Stored dataset items
:::::

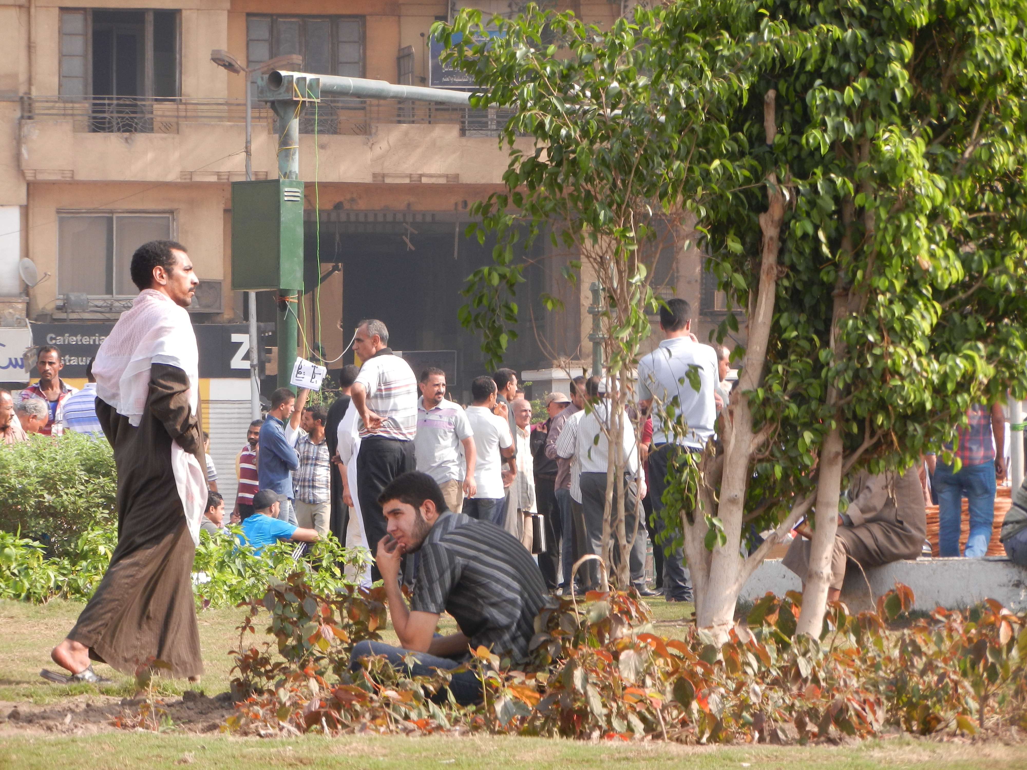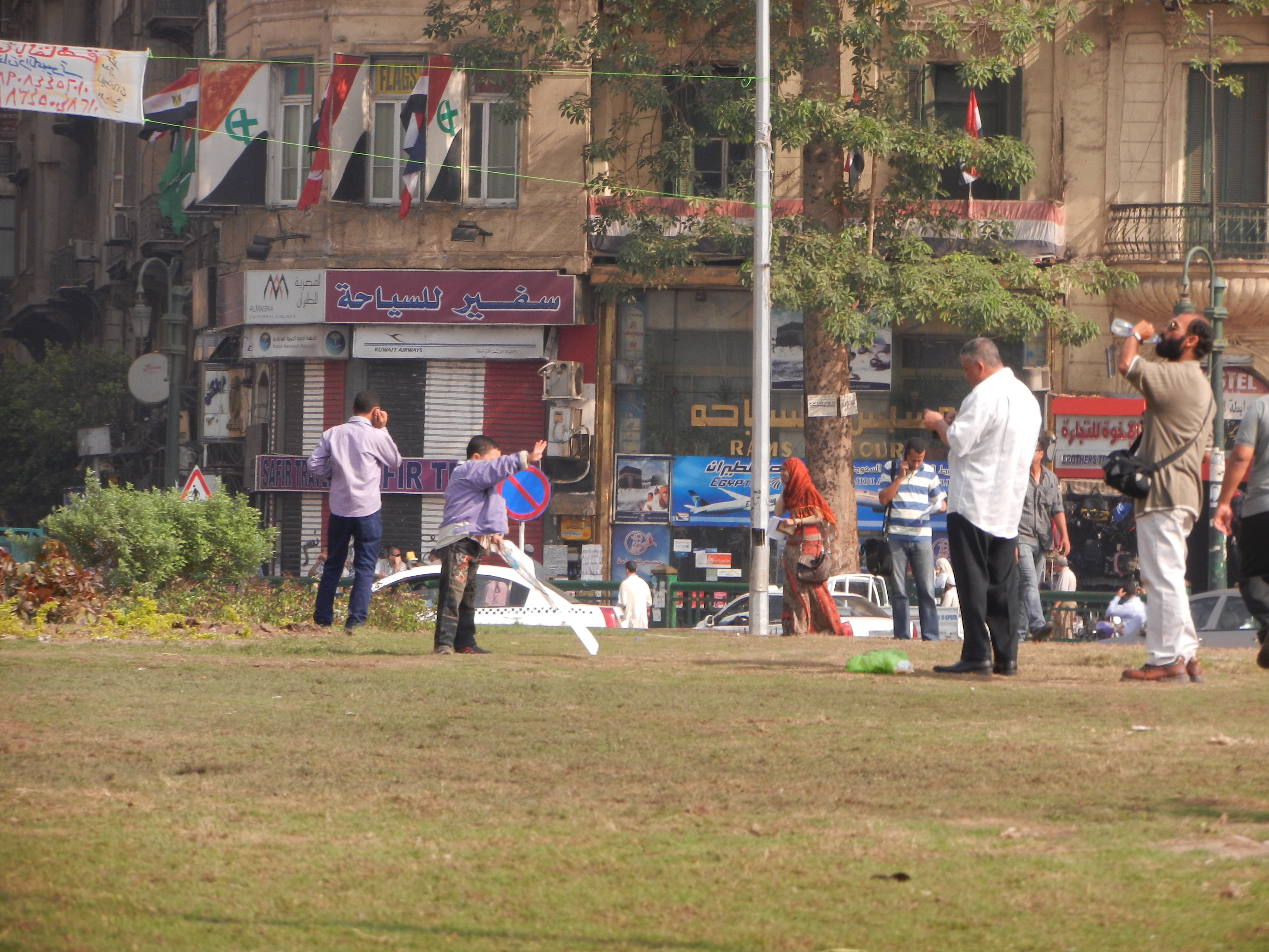 D’autres prennent des photos et des vidéos, jouent, ou prennent le frais sur les belles pelouses toutes neuves de la place Tahrir :
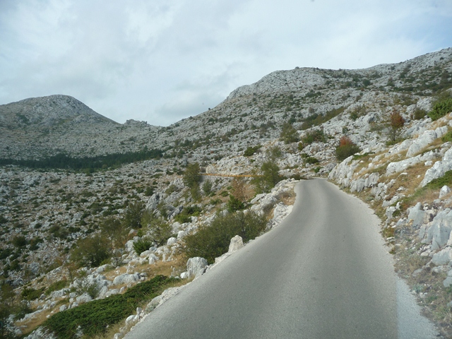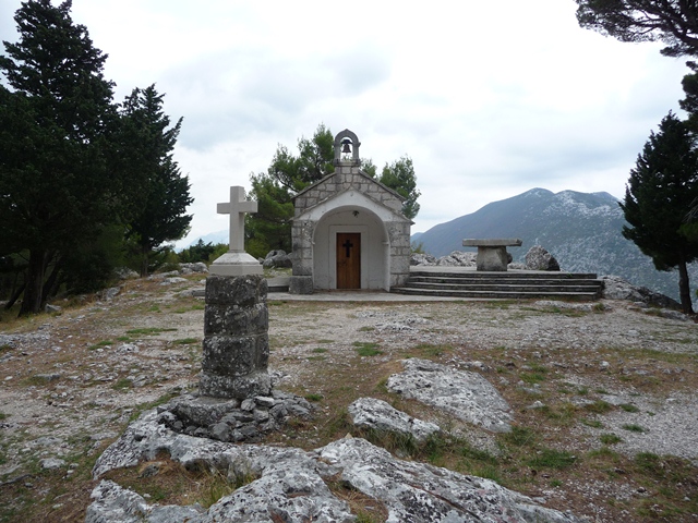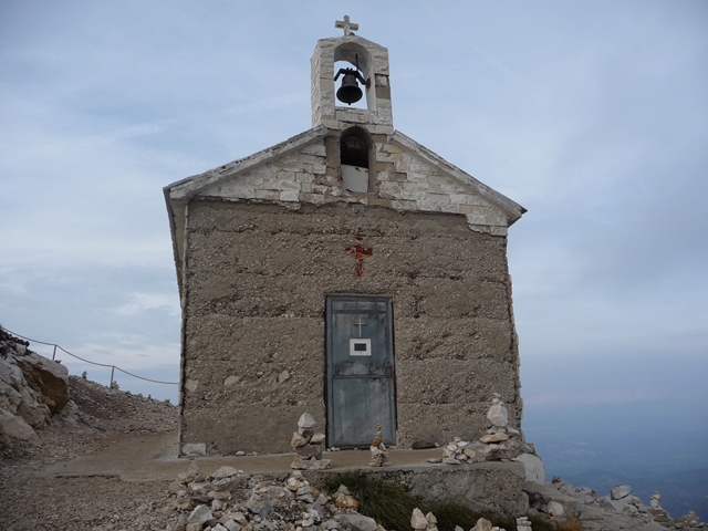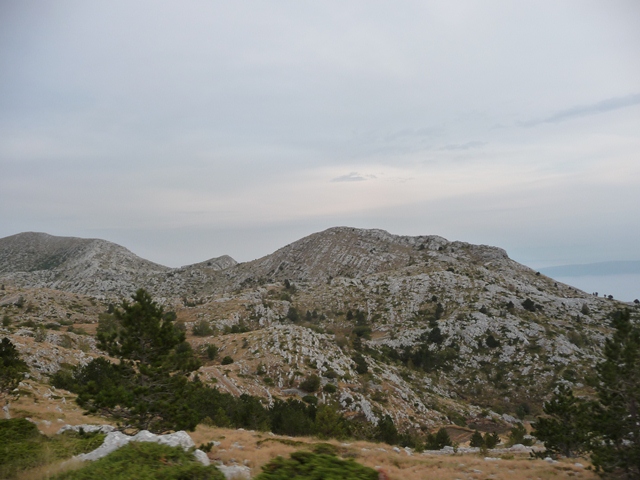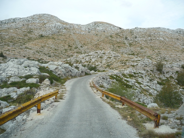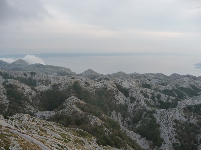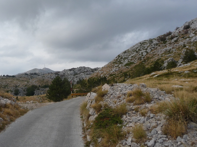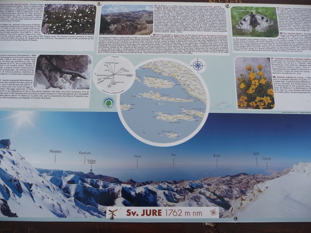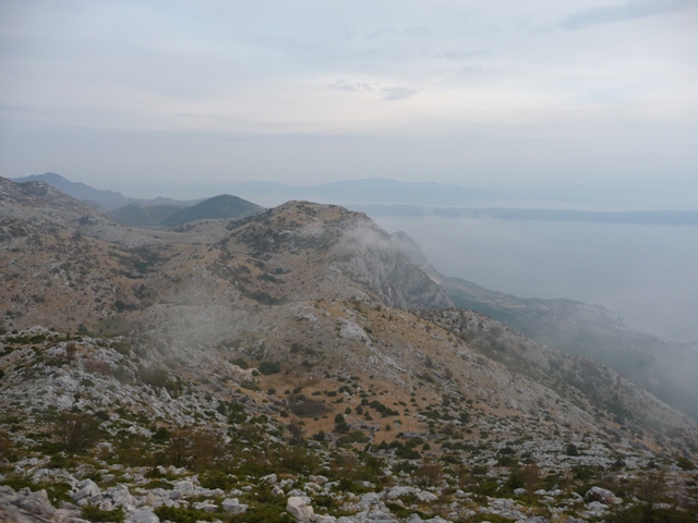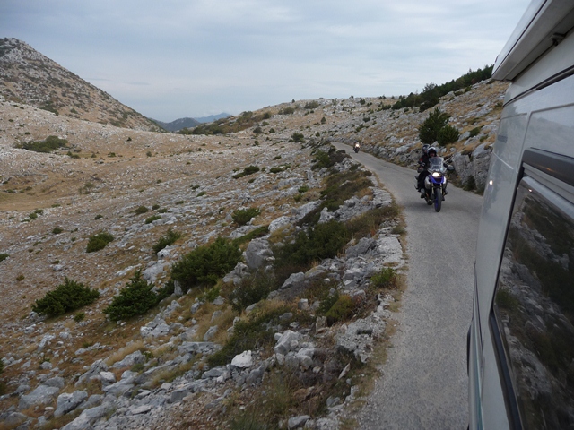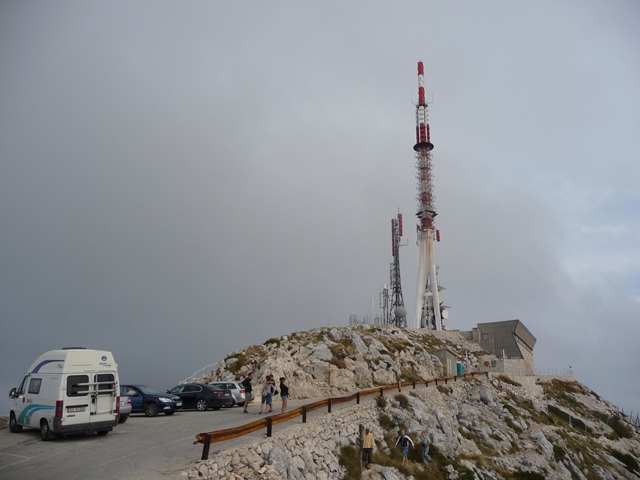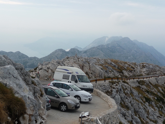 Mamy w końcu możliwość zakosztowania gór z bliska. Po minięciu 1500m pojawiają się przy drodze tyczki z łańcuchami – innych zabezpieczeń brak. W końcu jesteśmy 1750 z hakiem zdobyte to najwyżej położona trasa w Chorwacji. Jest tu niewielki parking na 20 osobówek. Widoki mniam 360 stopni – przy lepszej widoczności miodzio. Na górze jest przekaźnik, a idąc ścieżką dociera się po minucie, dwóch do niewielkiej kapliczki. Na górze oczywiście też tylko prawie same polskie rejestracje. Piękne miejsce szkoda tylko, że nie wolno tu zostać na noc bo ani chwili byśmy się nie zawahali.
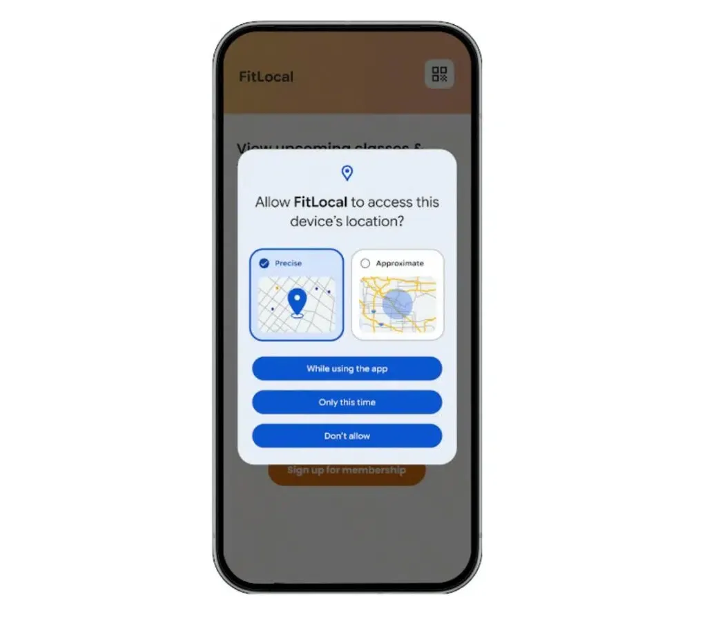 新的授权界面直接提供“精确定位”和“大致定位”两个选项,并在用户操作前就明确区别,让选择更直观,减少误授权的情况。
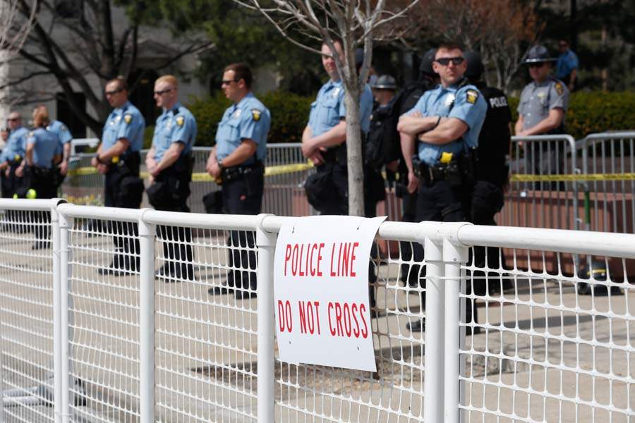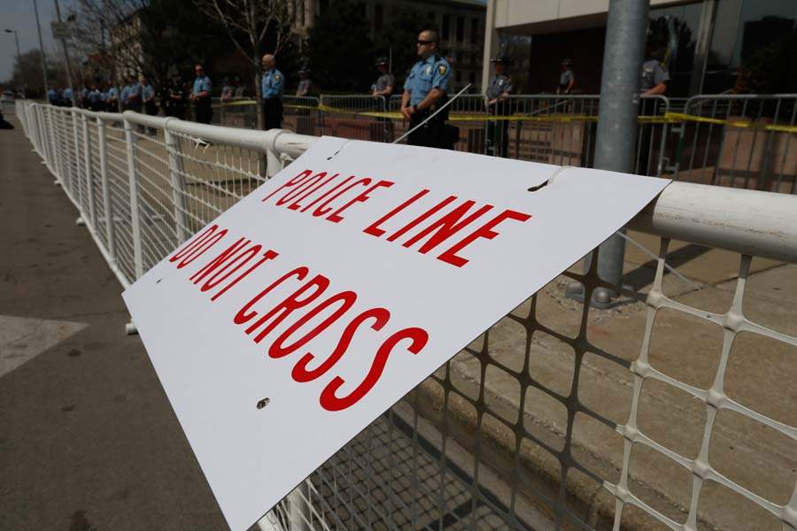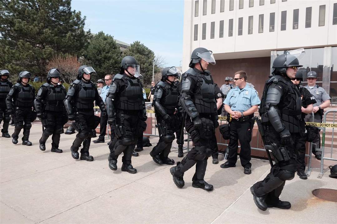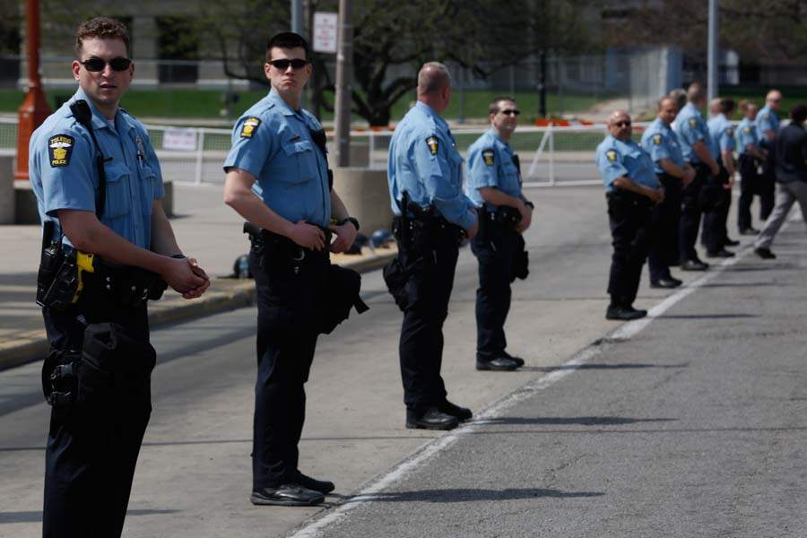 Members of the Toledo Police Department stand guard in front of One Government Center in preparation for The National Socialist Movement rally.
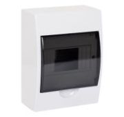 Настенный модульный щиток предназначен для монтажа в жилых и административных помещениях для установки автоматических выключателей любых производителей: таймеров, устройств защитного отключения и управления освещением и т.д. В комплект поставки входят: оцинкованная DIN-рейка и суппорт, заглушки для пустых модулей, заглушки с двойной изоляцией на пазы для крепления к стене, сборочные винты. Преперфорированные отверстия и насечки на задней стенке обеспечивают точное соединение с пластиковыми трубами и обеспечивают легкий монтаж. Специальная конструкция петель дает возможность открывать дверцу более чем на 180°. Степень пыле- и влагозащиты IP 65. Количество модулей - 4. Параметры щитка: ширина - 143 мм, высота - 210 мм, глубина - 102 мм. Материал - термостойкий пластик. Цвет - серый..

:::::

> What the task requires
Word for word, give the data above again, without any images.

> Result of the task
 D’autres prennent des photos et des vidéos, jouent, ou prennent le frais sur les belles pelouses toutes neuves de la place Tahrir :
 Mamy w końcu możliwość zakosztowania gór z bliska. Po minięciu 1500m pojawiają się przy drodze tyczki z łańcuchami – innych zabezpieczeń brak. W końcu jesteśmy 1750 z hakiem zdobyte to najwyżej położona trasa w Chorwacji. Jest tu niewielki parking na 20 osobówek. Widoki mniam 360 stopni – przy lepszej widoczności miodzio. Na górze jest przekaźnik, a idąc ścieżką dociera się po minucie, dwóch do niewielkiej kapliczki. Na górze oczywiście też tylko prawie same polskie rejestracje. Piękne miejsce szkoda tylko, że nie wolno tu zostać na noc bo ani chwili byśmy się nie zawahali.
 新的授权界面直接提供“精确定位”和“大致定位”两个选项,并在用户操作前就明确区别,让选择更直观,减少误授权的情况。
 Members of the Toledo Police Department stand guard in front of One Government Center in preparation for The National Socialist Movement rally.
 Настенный модульный щиток предназначен для монтажа в жилых и административных помещениях для установки автоматических выключателей любых производителей: таймеров, устройств защитного отключения и управления освещением и т.д. В комплект поставки входят: оцинкованная DIN-рейка и суппорт, заглушки для пустых модулей, заглушки с двойной изоляцией на пазы для крепления к стене, сборочные винты. Преперфорированные отверстия и насечки на задней стенке обеспечивают точное соединение с пластиковыми трубами и обеспечивают легкий монтаж. Специальная конструкция петель дает возможность открывать дверцу более чем на 180°. Степень пыле- и влагозащиты IP 65. Количество модулей - 4. Параметры щитка: ширина - 143 мм, высота - 210 мм, глубина - 102 мм. Материал - термостойкий пластик. Цвет - серый..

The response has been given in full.